IRS Revenue Ruling 2013-05: New Qualified Board Under IRC §1256

IRS Revenue Ruling 2013-05

Section 1256.—Section 1256 Contracts Marked to Market
(Also: §§ 446, 481, 7805; 1.446-1, 301.7805-1)
Rev. Rul. 2013-5

Is Eurex Deutschland, which is a regulated exchange of Germany, a qualified board or exchange within the meaning of section 1256(g)(7)(C) of the Internal Revenue Code?

Eurex Deutschland is a regulated exchange of Germany. On August 10, 1999, the Commodity Futures Trading Commission (CFTC) issued—and on October 25, 2004, and April 25, 2006, it amended—a letter that granted Eurex Deutschland no-action relief.
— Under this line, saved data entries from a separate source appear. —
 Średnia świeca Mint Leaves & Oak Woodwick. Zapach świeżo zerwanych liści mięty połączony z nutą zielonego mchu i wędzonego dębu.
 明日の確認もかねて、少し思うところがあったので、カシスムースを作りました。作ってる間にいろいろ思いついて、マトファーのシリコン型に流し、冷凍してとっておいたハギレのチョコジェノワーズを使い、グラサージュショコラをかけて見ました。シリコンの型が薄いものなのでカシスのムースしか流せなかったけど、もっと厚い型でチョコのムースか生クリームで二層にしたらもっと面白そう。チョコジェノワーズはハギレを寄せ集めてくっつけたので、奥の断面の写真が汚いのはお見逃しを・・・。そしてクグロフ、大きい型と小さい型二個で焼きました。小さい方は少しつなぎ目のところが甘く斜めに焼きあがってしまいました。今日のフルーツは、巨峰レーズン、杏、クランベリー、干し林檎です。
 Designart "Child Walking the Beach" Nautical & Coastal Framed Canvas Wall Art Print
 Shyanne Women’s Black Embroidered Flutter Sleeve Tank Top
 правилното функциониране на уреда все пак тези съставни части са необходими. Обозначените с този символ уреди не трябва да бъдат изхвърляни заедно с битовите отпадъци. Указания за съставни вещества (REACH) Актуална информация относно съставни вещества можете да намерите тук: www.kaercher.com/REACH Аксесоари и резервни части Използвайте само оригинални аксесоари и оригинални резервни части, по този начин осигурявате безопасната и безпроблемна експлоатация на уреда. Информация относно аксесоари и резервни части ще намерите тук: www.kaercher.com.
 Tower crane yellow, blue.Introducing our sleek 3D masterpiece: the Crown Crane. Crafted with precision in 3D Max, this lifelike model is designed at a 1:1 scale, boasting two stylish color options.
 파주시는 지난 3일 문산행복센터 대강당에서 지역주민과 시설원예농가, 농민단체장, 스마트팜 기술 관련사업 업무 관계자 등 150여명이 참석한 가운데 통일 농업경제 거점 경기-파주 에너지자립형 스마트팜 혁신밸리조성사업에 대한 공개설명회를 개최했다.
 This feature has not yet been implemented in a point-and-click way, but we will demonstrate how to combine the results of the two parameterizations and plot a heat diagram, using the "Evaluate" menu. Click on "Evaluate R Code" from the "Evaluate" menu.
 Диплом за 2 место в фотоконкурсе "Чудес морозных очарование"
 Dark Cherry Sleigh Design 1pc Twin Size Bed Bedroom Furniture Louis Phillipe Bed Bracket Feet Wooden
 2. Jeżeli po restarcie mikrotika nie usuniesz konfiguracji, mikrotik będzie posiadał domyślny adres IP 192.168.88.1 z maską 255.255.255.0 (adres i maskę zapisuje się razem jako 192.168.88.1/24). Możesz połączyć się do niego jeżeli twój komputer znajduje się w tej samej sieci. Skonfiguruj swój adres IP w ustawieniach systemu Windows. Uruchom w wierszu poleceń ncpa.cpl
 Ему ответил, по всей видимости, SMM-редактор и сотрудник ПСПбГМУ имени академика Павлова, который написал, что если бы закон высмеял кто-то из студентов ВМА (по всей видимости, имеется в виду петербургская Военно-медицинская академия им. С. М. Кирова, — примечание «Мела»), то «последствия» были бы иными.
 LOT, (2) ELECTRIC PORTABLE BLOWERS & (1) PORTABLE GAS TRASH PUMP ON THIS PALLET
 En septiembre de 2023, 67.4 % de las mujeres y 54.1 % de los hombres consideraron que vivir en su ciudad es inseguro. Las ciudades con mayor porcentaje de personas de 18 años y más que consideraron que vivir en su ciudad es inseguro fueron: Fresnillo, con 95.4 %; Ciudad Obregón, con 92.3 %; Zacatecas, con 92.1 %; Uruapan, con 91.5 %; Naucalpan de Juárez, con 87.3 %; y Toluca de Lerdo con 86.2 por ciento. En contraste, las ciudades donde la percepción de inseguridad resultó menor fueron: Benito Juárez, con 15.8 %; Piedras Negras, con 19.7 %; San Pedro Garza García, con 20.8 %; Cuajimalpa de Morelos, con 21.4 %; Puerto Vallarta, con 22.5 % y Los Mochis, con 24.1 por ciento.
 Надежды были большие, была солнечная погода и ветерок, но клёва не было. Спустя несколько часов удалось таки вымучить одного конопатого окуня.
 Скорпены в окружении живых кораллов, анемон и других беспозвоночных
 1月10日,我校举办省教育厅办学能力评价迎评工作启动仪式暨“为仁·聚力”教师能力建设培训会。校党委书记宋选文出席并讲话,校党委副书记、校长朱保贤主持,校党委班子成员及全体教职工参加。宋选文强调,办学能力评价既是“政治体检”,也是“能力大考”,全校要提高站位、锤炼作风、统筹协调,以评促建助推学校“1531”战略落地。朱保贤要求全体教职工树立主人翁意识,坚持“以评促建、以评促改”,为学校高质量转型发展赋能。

This relief allowed United States members to trade through Eurex Deutschland’s electronic trading system, notwithstanding that the CFTC had not designated Eurex Deutschland as a contract market pursuant to sections 5 and 5a of the Commodity Exchange Act.

On December 23, 2011, the CFTC published final rules regarding the registration with the CFTC of foreign boards of trade (FBOTs), including those with existing noaction relief (“the CFTC FBOT registration system”). See Registration of Foreign Boards of Trade, 76 Fed. Reg. 80674 (Dec. 23, 2011), codified at 17 CFR Part 48. The effective date for the final rules was February 21, 2012. Under the CFTC FBOT registration system, the CFTC may issue an Order of Registration to an FBOT, allowing the FBOT to provide direct access to its electronic trading and order matching system from the United States. The CFTC FBOT registration system replaced the CFTC’s noaction relief system. Under 17 CFR 48.6(c), an FBOT with an existing no-action letter (like Eurex Deutschland) may continue to rely on the letter until the CFTC either revokes the letter or grants that FBOT an Order of Registration under the new system.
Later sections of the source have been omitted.